Information shown -
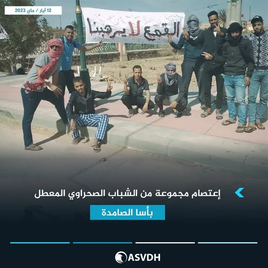 لازال مجموعة من الشباب الصحراوي المعطل بأسا الصامدة، يواصلون إعتصامهم المفتوح أمام ما يسمى بعمالة اسا الزاك، منذ يوم الثلاثاء 09 ماي 2023، وهو الاعتصام الذي سبق واشارت الجمعية الصحراوية ASVDH في بلاغ سابق ، أنه ياتي للتنديد بالفساد والظلم و سياسات التفقير والتجويع والإستهتار والتهميش التي يمارسها النظام المغربي في حق الجماهير الصحراوية المقهورة وطاقاتها الشابة المحرومة، من الحق في الصحة والتعليم والشغل ومن كل الحقوق المدنية والسياسية والإجتماعية والثقافية، وذلك إستنادا لبيان الشباب المعتصم.
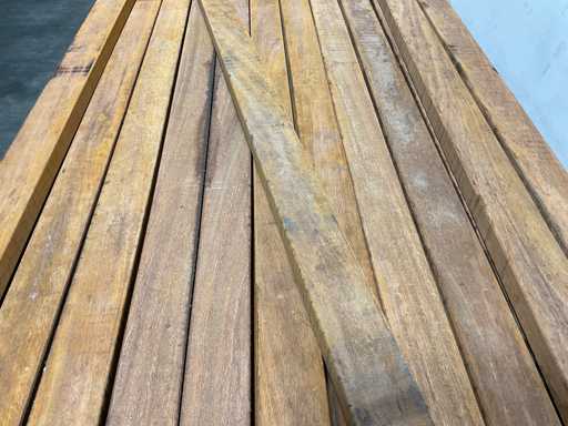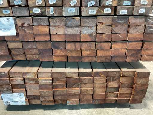 Ringhiere in legno duro Angelim Vermelho, piallate su 4 lati, di dimensioni 250 x 9 x 4,5 cm.
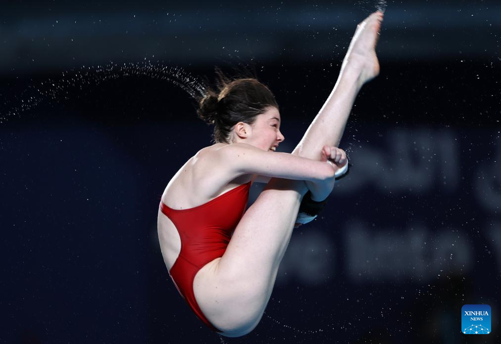 Andrea Spendolini Sirieix of Britain competes during the women's 10m platform final of diving at the World Aquatics Championships 2024 in Doha, Qatar, Feb. 5, 2024. (Xinhua/Luo Yuan)
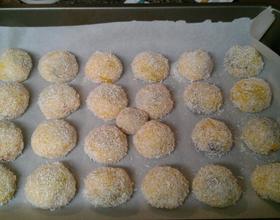 - 10. 包好之后的团子到椰丝里面滚一圈~放到盘上就不沾底了哦~
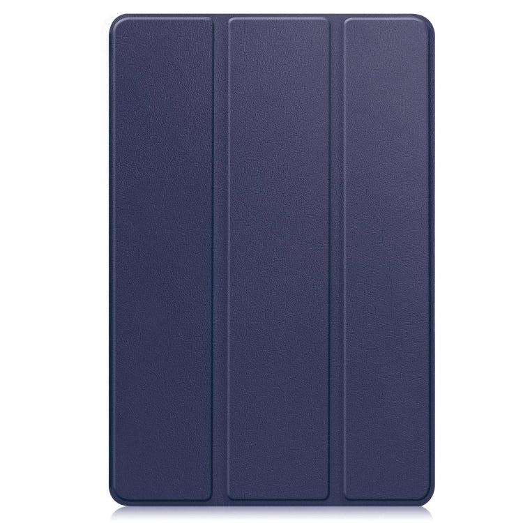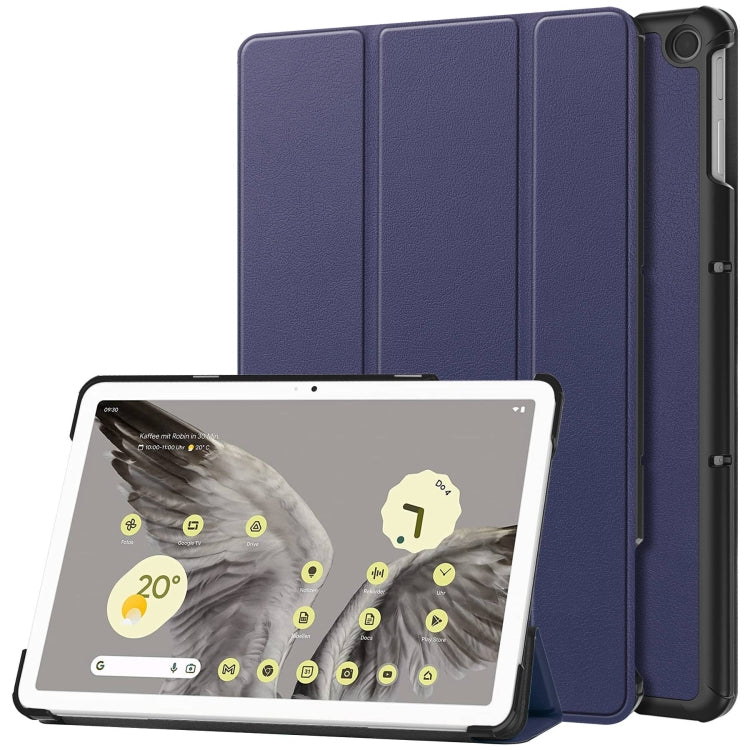 For Google Pixel Tablet Custer Pure Color 3-Fold Holder Smart Leather Tablet Case(Dark Blue)

Problem requirements -
Please repeat every line of the material above exactly and without its pictures.

Finished task -
 لازال مجموعة من الشباب الصحراوي المعطل بأسا الصامدة، يواصلون إعتصامهم المفتوح أمام ما يسمى بعمالة اسا الزاك، منذ يوم الثلاثاء 09 ماي 2023، وهو الاعتصام الذي سبق واشارت الجمعية الصحراوية ASVDH في بلاغ سابق ، أنه ياتي للتنديد بالفساد والظلم و سياسات التفقير والتجويع والإستهتار والتهميش التي يمارسها النظام المغربي في حق الجماهير الصحراوية المقهورة وطاقاتها الشابة المحرومة، من الحق في الصحة والتعليم والشغل ومن كل الحقوق المدنية والسياسية والإجتماعية والثقافية، وذلك إستنادا لبيان الشباب المعتصم.
 Ringhiere in legno duro Angelim Vermelho, piallate su 4 lati, di dimensioni 250 x 9 x 4,5 cm.
 Andrea Spendolini Sirieix of Britain competes during the women's 10m platform final of diving at the World Aquatics Championships 2024 in Doha, Qatar, Feb. 5, 2024. (Xinhua/Luo Yuan)
 - 10. 包好之后的团子到椰丝里面滚一圈~放到盘上就不沾底了哦~
 For Google Pixel Tablet Custer Pure Color 3-Fold Holder Smart Leather Tablet Case(Dark Blue)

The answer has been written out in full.